Halsnøy IL
- Full name: Halsnøy Idrettslag
- Short name: Halsnøy IL
- Founded: 14 June 1940
- Ground: Nya Myro, Halsnøya
- Capacity: 500
- Coordinates: 59°47′39″N 5°42′22″E﻿ / ﻿59.79417°N 5.70611°E
- Coaches: Atle Eide Ingvar Hølland Jan Helland
- League: Fifth Division
| Home colours | Away colours |

= Halsnøy IL =

Norwegian sports club

Halsnøy IL is a Norwegian sports club from Halsnøya in Kvinnherad Municipality, founded in June 1940. It has sections for football, volleyball and swimming.
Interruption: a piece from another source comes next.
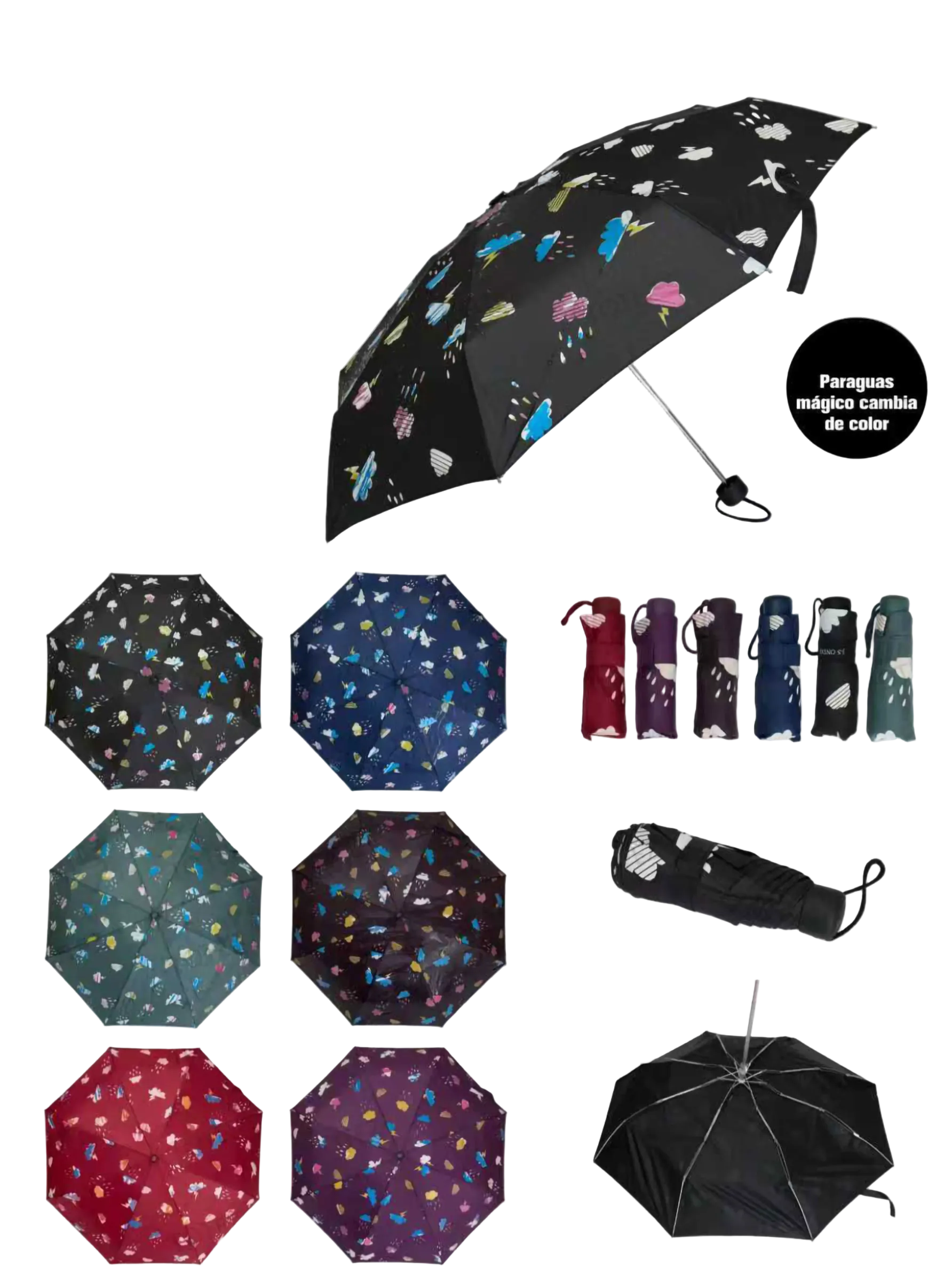 Paraguas plegable de 5 secciones con nubes y gotas que cambian de color al mojarse. Sistema antiviento. Varillas de aluminio y fibra. Mango de goma.

The men's football team play their matches at Nya Myro gressbane, and is currently playing in the Fifth Division, the sixth tier of Norwegian football.

== History ==
The club was formed on 14 June 1940 by local football enthusiasts. Prior to 1940, there had been several minor clubs on the island, one for each village, but none of them properly organized. In the mid-60s, the club registered for official league football and have been playing in the Norwegian football league system ever since. The club played in the Third Division (fourth tier) from 2003 to 2005, their highest achievement. The club also participated in the qualifying rounds for the Norwegian Football Cup, where they in 2004 eliminated Follese in the first qualifying round before they were beaten by Solid in the next round. The next year Halsnøy lost against Hald in the first qualifying. After their relegation in 2005, the club has seen hard times, with a lack of players, which eventually led to their relegation to the Sixth Division in 2007. The club later won promotion to the Fifth Division where they are currently playing.

=== Facilities ===
Until the 1980s, Halsnøy played their home games on the local football ground "Myro" (literally: the mire), which was a large field that was used as farmland for sheep during the off-season. After the Football Association of Norway set higher demands for club stadiums, the field was dug up, drained, and replanted with new soil, as well as adding permanent stadium seating and track-and-field sections, making it suitable for several sports. The new stadium, "Nya Myro" (literally:the new mire), was named in honour of the old ground, and opened in 1988.

In addition to their main stadium, Halsnøy IL owns and operates a smaller ground in Eidsvik on Halsnøy, which features a full-size artificial pitch, training facilities, and some seating. It is commonly used for training, as well as home games during the winter, when the "Nya Myro" is frozen or otherwise affected by harsh weather.